Exercise data =>
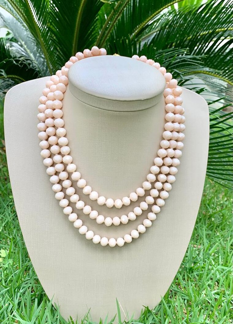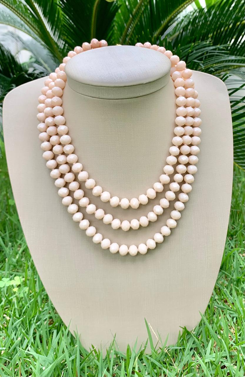 Colar com três voltas de pedra natural de quartzo rosa, com banho de ouro 18k.
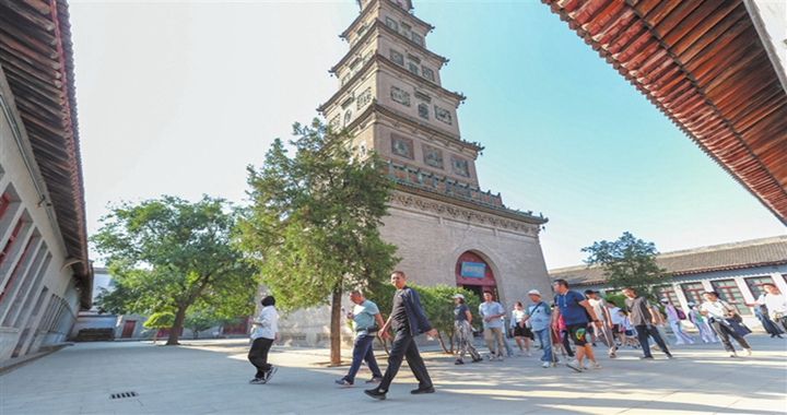 9月19日,游客在临汾铁佛寺博物馆参观游览。随着“跟着悟空游山西”活动的持续升温,铁佛寺博物馆游...
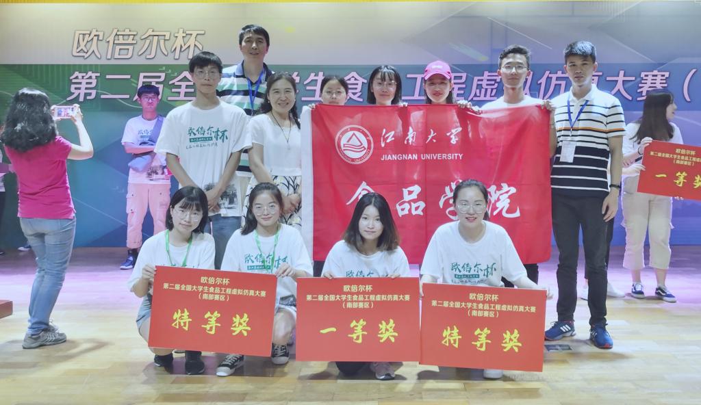 2019年6月28–6月29日,第二届全国大学生食品工程虚拟仿真大赛(南部赛区)在华南理工大学举行。江南大学食品学院3支参赛队伍在南部赛区89支队伍中脱颖而出,取得了优异成绩,其中陈广雪、徐志兵、陈旭小组和孙彦文、邹莹莹、陈雪小组获得特等奖;陈晨、冯若男、李姝琦小组获得一等奖。陈广雪小组将代表江南大学晋级全国总决赛。院教学中心李晓瑄老师、常明老师、辅导员刘鑫带队参加了本次比赛。

Work required => Pictures are not part of the copy. Please reproduce the material word for word.

Output for this task =>
 Colar com três voltas de pedra natural de quartzo rosa, com banho de ouro 18k.
 9月19日,游客在临汾铁佛寺博物馆参观游览。随着“跟着悟空游山西”活动的持续升温,铁佛寺博物馆游...
 2019年6月28–6月29日,第二届全国大学生食品工程虚拟仿真大赛(南部赛区)在华南理工大学举行。江南大学食品学院3支参赛队伍在南部赛区89支队伍中脱颖而出,取得了优异成绩,其中陈广雪、徐志兵、陈旭小组和孙彦文、邹莹莹、陈雪小组获得特等奖;陈晨、冯若男、李姝琦小组获得一等奖。陈广雪小组将代表江南大学晋级全国总决赛。院教学中心李晓瑄老师、常明老师、辅导员刘鑫带队参加了本次比赛。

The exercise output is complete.